The Fed raised rates three times in 2017, bringing the target to a range of 1.25% to 1.5%, from near zero before the central bank starting the current hiking cycle in late 2015.

Here are three takeaways from the Fed's statement Wednesday:

Neither Dovish Nor Hawkish

The statement did little to change expectations for the Fed's rate-hiking trajectory, Charlie Ripley, senior investment strategist at the money manager Allianz Investment Management, said in a phone interview. Allianz expects the Fed to raise its target rate three times this year, as it did before the statement's release. Based on market indicators, most traders and investors also expect three hikes in 2018, following three increases last year. 

The Standard & Poor's 500 Index of U.S. stocks was down 1.1% in New York trading after the announcement. Yields on 10-year U.S. Treasury bonds were up 0.01 percentage point to 2.73% on Wednesday.

"Overall it wasn't that exciting of an event," Ripley said. "Bonds haven't really moved that much as a result of the meeting." 

Economic Backdrop Remains "Solid"

Fed officials said in the statement that the labor market has continued to strengthen and that economic activity is rising at a "solid rate." What's more, the Fed noted that market-based measures of inflation expectations have increased in recent months, adding credence to the officials' views that the pace of price increases is rising toward the central bank's 2% target in the "medium term." 

"The Committee expects that economic conditions will evolve in a manner that will warrant further gradual increases in the federal funds rate," according to the statement. 

Unanimous Decision 

The decision to hold rates steady was unanimous at Yellen's final meeting.
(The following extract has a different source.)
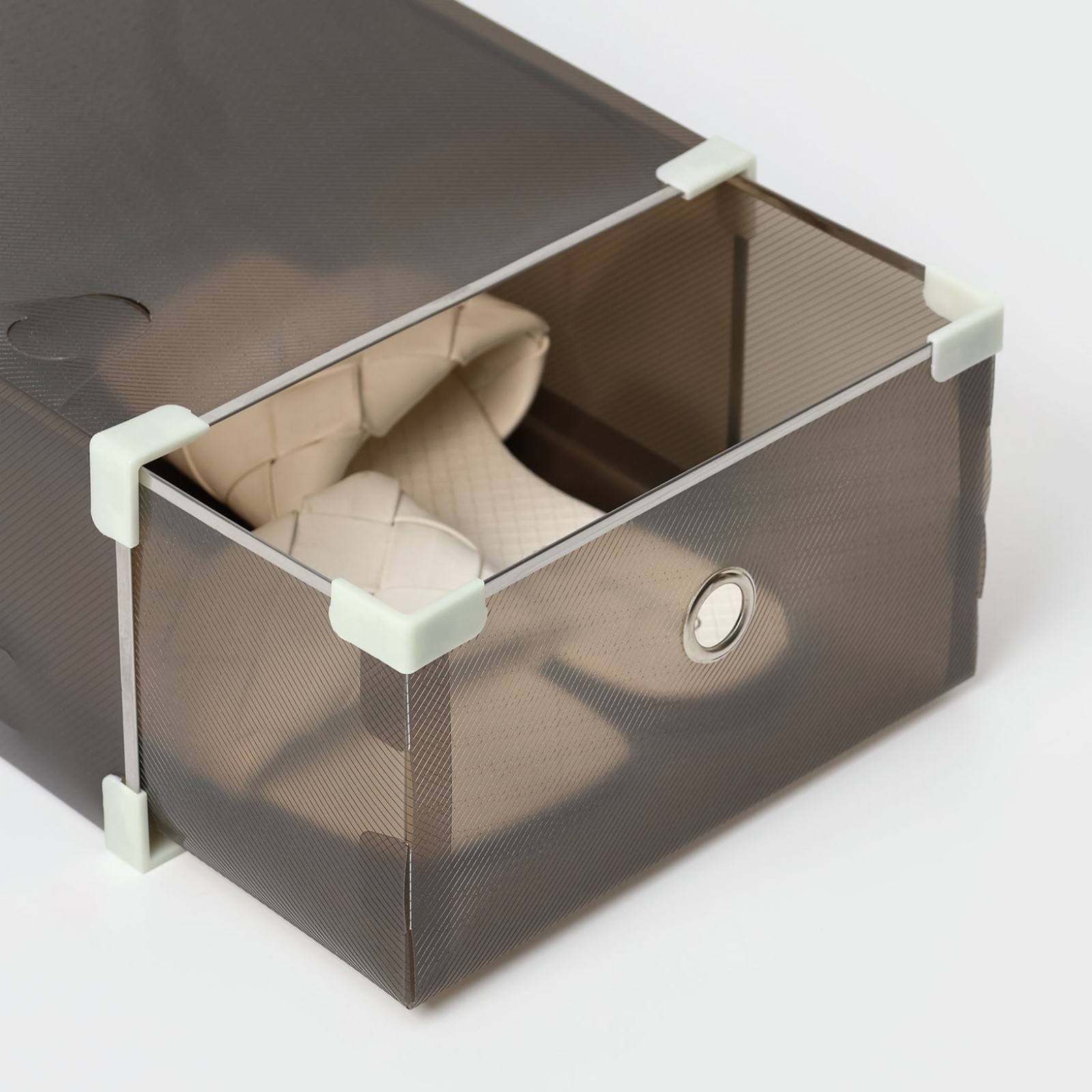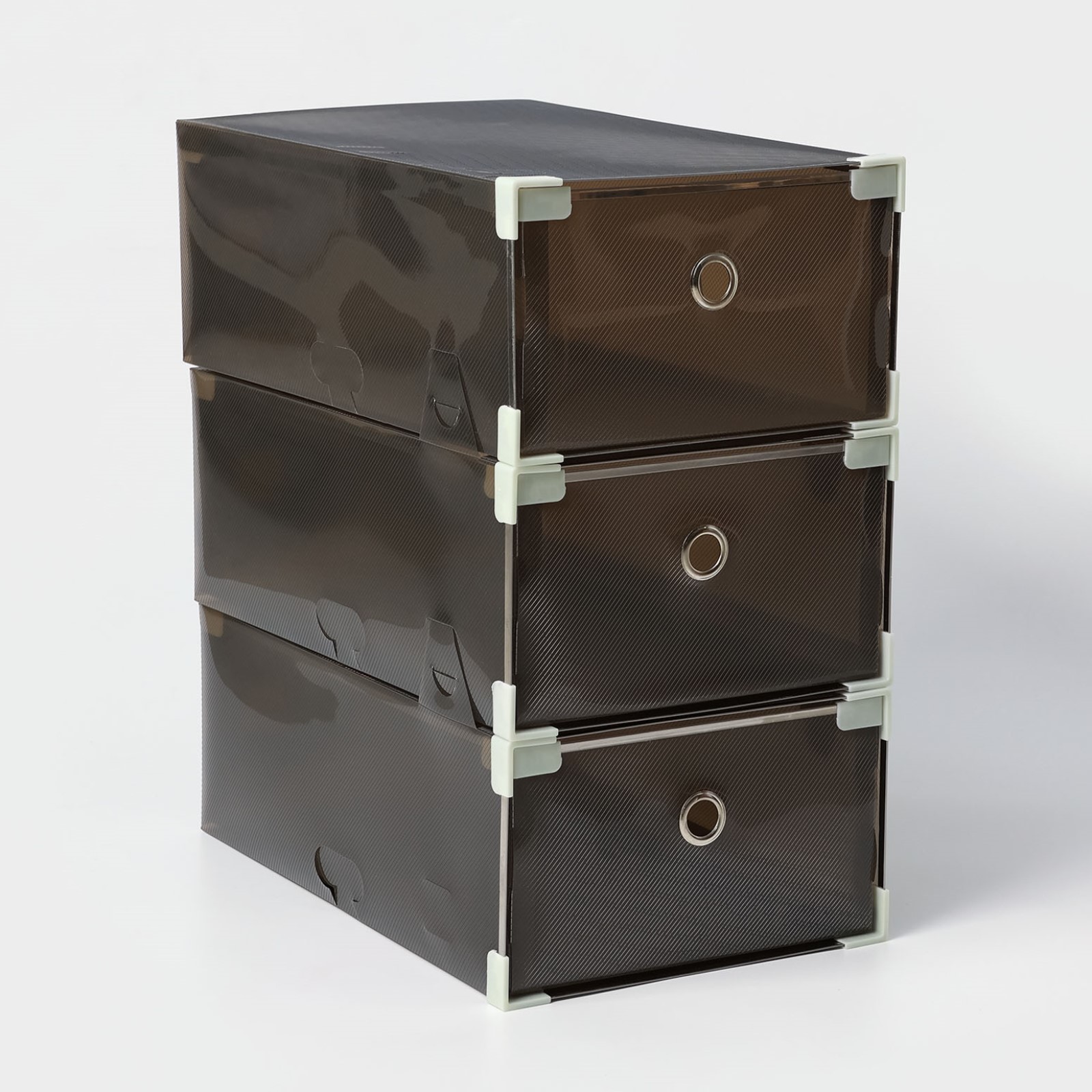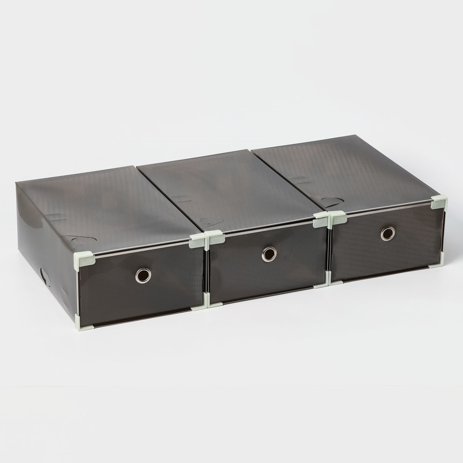 Коробка для хранения обуви выдвижная доляна Large Size, 22x34x13 см, 3 шт, цвет черный

It remains to be seen how members will vote at the policy-making committee's next meeting, scheduled for March 20-21. At the December meeting, two of the committee's nine members -- Federal Reserve Bank of Minneapolis President Neel Kashkari and Federal Reserve Bank of Chicago President Charles Evans -- dissented on the decision to raise rates by a quarter-point. Both dissenters rotated off of the committee at the end of 2017. 

"It remains to be seen whether there will be any dissenters at the March meeting," Ripley said.